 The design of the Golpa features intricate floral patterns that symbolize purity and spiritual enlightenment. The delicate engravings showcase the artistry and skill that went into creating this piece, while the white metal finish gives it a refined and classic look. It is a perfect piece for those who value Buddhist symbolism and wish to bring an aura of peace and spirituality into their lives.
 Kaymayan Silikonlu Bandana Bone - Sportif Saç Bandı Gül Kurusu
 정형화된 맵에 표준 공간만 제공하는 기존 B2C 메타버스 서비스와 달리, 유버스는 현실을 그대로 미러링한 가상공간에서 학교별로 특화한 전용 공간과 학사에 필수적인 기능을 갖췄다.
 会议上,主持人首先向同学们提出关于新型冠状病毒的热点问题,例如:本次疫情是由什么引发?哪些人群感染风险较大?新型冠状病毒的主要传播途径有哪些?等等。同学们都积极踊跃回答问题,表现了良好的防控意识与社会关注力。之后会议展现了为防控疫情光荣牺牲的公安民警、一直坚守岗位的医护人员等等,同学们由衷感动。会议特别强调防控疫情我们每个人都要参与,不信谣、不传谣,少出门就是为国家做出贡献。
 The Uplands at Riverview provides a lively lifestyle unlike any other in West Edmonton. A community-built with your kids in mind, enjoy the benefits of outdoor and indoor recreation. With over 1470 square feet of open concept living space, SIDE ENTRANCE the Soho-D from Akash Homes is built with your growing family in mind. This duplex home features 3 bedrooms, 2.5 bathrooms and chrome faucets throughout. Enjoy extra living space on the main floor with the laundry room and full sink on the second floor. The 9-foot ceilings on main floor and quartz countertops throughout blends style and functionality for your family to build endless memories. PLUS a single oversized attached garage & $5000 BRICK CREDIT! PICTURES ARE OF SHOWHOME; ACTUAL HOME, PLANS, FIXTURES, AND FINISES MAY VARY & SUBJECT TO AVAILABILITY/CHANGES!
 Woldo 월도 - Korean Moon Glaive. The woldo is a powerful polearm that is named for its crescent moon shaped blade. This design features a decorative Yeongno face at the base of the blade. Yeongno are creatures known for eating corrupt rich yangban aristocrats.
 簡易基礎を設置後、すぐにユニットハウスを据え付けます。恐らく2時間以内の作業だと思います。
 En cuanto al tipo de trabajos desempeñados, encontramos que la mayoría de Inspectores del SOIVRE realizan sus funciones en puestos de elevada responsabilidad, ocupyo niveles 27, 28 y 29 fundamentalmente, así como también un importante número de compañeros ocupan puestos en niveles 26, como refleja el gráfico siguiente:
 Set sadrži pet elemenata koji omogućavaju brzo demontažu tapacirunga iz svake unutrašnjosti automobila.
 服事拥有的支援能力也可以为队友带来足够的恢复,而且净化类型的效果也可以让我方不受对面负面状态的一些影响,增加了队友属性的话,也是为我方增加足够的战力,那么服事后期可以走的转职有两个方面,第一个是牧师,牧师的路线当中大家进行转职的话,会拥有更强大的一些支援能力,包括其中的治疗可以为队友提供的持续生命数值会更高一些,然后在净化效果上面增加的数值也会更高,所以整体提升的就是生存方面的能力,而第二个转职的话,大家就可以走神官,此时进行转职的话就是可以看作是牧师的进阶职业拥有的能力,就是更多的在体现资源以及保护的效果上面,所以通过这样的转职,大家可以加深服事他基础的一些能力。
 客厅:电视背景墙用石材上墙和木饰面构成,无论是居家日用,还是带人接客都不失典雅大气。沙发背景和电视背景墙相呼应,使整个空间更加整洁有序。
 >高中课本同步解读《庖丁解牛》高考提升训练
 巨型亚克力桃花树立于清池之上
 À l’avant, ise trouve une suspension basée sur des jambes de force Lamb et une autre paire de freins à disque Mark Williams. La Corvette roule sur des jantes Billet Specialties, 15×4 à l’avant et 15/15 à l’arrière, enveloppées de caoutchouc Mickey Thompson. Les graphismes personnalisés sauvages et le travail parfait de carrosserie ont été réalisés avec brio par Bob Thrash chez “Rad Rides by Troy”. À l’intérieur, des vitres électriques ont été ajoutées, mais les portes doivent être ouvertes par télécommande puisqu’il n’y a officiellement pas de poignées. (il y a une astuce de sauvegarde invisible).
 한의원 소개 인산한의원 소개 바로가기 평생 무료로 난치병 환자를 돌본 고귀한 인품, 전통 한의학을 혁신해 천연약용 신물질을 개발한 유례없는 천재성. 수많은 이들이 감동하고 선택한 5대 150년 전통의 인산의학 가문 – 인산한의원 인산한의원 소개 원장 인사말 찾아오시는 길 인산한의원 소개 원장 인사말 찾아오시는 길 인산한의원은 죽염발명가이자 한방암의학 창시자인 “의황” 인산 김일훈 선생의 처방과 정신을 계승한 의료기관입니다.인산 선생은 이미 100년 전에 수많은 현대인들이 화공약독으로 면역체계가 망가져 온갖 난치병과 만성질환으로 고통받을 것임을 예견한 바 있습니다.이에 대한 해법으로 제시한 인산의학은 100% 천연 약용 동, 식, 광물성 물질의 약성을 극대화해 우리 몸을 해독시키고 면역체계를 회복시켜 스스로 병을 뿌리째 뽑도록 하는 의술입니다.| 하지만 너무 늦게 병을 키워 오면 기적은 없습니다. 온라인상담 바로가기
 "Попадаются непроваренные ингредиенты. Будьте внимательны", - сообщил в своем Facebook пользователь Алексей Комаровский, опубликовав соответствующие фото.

● **Instructions for the task**: Your response must repeat all of the material above exactly.

● **Answer box**:
 The design of the Golpa features intricate floral patterns that symbolize purity and spiritual enlightenment. The delicate engravings showcase the artistry and skill that went into creating this piece, while the white metal finish gives it a refined and classic look. It is a perfect piece for those who value Buddhist symbolism and wish to bring an aura of peace and spirituality into their lives.
 Kaymayan Silikonlu Bandana Bone - Sportif Saç Bandı Gül Kurusu
 정형화된 맵에 표준 공간만 제공하는 기존 B2C 메타버스 서비스와 달리, 유버스는 현실을 그대로 미러링한 가상공간에서 학교별로 특화한 전용 공간과 학사에 필수적인 기능을 갖췄다.
 会议上,主持人首先向同学们提出关于新型冠状病毒的热点问题,例如:本次疫情是由什么引发?哪些人群感染风险较大?新型冠状病毒的主要传播途径有哪些?等等。同学们都积极踊跃回答问题,表现了良好的防控意识与社会关注力。之后会议展现了为防控疫情光荣牺牲的公安民警、一直坚守岗位的医护人员等等,同学们由衷感动。会议特别强调防控疫情我们每个人都要参与,不信谣、不传谣,少出门就是为国家做出贡献。
 The Uplands at Riverview provides a lively lifestyle unlike any other in West Edmonton. A community-built with your kids in mind, enjoy the benefits of outdoor and indoor recreation. With over 1470 square feet of open concept living space, SIDE ENTRANCE the Soho-D from Akash Homes is built with your growing family in mind. This duplex home features 3 bedrooms, 2.5 bathrooms and chrome faucets throughout. Enjoy extra living space on the main floor with the laundry room and full sink on the second floor. The 9-foot ceilings on main floor and quartz countertops throughout blends style and functionality for your family to build endless memories. PLUS a single oversized attached garage & $5000 BRICK CREDIT! PICTURES ARE OF SHOWHOME; ACTUAL HOME, PLANS, FIXTURES, AND FINISES MAY VARY & SUBJECT TO AVAILABILITY/CHANGES!
 Woldo 월도 - Korean Moon Glaive. The woldo is a powerful polearm that is named for its crescent moon shaped blade. This design features a decorative Yeongno face at the base of the blade. Yeongno are creatures known for eating corrupt rich yangban aristocrats.
 簡易基礎を設置後、すぐにユニットハウスを据え付けます。恐らく2時間以内の作業だと思います。
 En cuanto al tipo de trabajos desempeñados, encontramos que la mayoría de Inspectores del SOIVRE realizan sus funciones en puestos de elevada responsabilidad, ocupyo niveles 27, 28 y 29 fundamentalmente, así como también un importante número de compañeros ocupan puestos en niveles 26, como refleja el gráfico siguiente:
 Set sadrži pet elemenata koji omogućavaju brzo demontažu tapacirunga iz svake unutrašnjosti automobila.
 服事拥有的支援能力也可以为队友带来足够的恢复,而且净化类型的效果也可以让我方不受对面负面状态的一些影响,增加了队友属性的话,也是为我方增加足够的战力,那么服事后期可以走的转职有两个方面,第一个是牧师,牧师的路线当中大家进行转职的话,会拥有更强大的一些支援能力,包括其中的治疗可以为队友提供的持续生命数值会更高一些,然后在净化效果上面增加的数值也会更高,所以整体提升的就是生存方面的能力,而第二个转职的话,大家就可以走神官,此时进行转职的话就是可以看作是牧师的进阶职业拥有的能力,就是更多的在体现资源以及保护的效果上面,所以通过这样的转职,大家可以加深服事他基础的一些能力。
 客厅:电视背景墙用石材上墙和木饰面构成,无论是居家日用,还是带人接客都不失典雅大气。沙发背景和电视背景墙相呼应,使整个空间更加整洁有序。
 >高中课本同步解读《庖丁解牛》高考提升训练
 巨型亚克力桃花树立于清池之上
 À l’avant, ise trouve une suspension basée sur des jambes de force Lamb et une autre paire de freins à disque Mark Williams. La Corvette roule sur des jantes Billet Specialties, 15×4 à l’avant et 15/15 à l’arrière, enveloppées de caoutchouc Mickey Thompson. Les graphismes personnalisés sauvages et le travail parfait de carrosserie ont été réalisés avec brio par Bob Thrash chez “Rad Rides by Troy”. À l’intérieur, des vitres électriques ont été ajoutées, mais les portes doivent être ouvertes par télécommande puisqu’il n’y a officiellement pas de poignées. (il y a une astuce de sauvegarde invisible).
 한의원 소개 인산한의원 소개 바로가기 평생 무료로 난치병 환자를 돌본 고귀한 인품, 전통 한의학을 혁신해 천연약용 신물질을 개발한 유례없는 천재성. 수많은 이들이 감동하고 선택한 5대 150년 전통의 인산의학 가문 – 인산한의원 인산한의원 소개 원장 인사말 찾아오시는 길 인산한의원 소개 원장 인사말 찾아오시는 길 인산한의원은 죽염발명가이자 한방암의학 창시자인 “의황” 인산 김일훈 선생의 처방과 정신을 계승한 의료기관입니다.인산 선생은 이미 100년 전에 수많은 현대인들이 화공약독으로 면역체계가 망가져 온갖 난치병과 만성질환으로 고통받을 것임을 예견한 바 있습니다.이에 대한 해법으로 제시한 인산의학은 100% 천연 약용 동, 식, 광물성 물질의 약성을 극대화해 우리 몸을 해독시키고 면역체계를 회복시켜 스스로 병을 뿌리째 뽑도록 하는 의술입니다.| 하지만 너무 늦게 병을 키워 오면 기적은 없습니다. 온라인상담 바로가기
 "Попадаются непроваренные ингредиенты. Будьте внимательны", - сообщил в своем Facebook пользователь Алексей Комаровский, опубликовав соответствующие фото.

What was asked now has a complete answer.